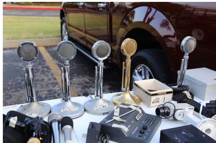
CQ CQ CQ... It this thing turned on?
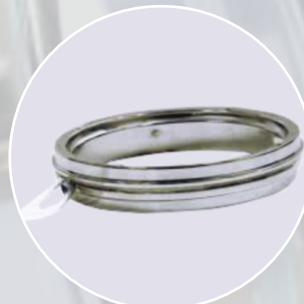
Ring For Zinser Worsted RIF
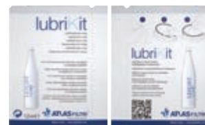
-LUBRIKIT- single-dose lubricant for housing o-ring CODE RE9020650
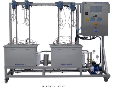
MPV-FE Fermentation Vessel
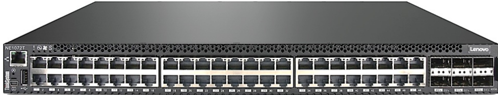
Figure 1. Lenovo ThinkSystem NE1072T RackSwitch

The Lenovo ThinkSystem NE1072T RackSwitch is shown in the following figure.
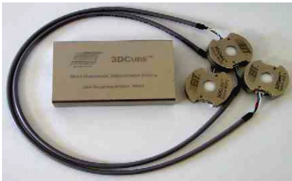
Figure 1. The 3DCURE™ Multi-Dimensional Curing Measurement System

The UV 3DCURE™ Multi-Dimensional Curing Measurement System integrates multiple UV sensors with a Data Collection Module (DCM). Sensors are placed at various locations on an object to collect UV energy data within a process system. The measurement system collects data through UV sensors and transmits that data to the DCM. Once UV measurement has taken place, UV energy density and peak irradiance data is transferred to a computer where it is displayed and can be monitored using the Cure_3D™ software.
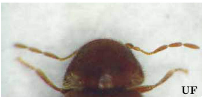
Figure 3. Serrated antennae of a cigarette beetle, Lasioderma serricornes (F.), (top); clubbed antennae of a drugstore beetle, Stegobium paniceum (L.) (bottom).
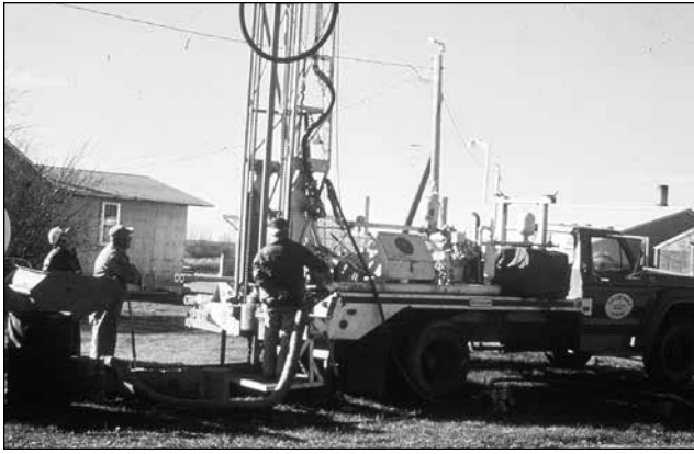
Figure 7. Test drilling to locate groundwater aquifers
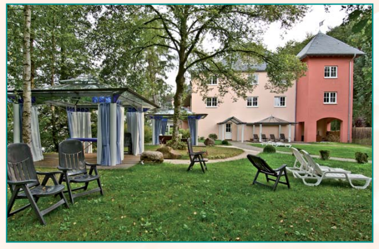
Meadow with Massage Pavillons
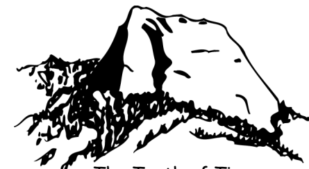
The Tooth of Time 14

Exercise requirements: Word for word, retype the lines in the entries above that run from the one with "Figure 1. Lenovo" through the one with "Figure 1. The". Both ends count; pictures do not.

Task solution:
Figure 1. Lenovo ThinkSystem NE1072T RackSwitch

The Lenovo ThinkSystem NE1072T RackSwitch is shown in the following figure.
Figure 1. The 3DCURE™ Multi-Dimensional Curing Measurement System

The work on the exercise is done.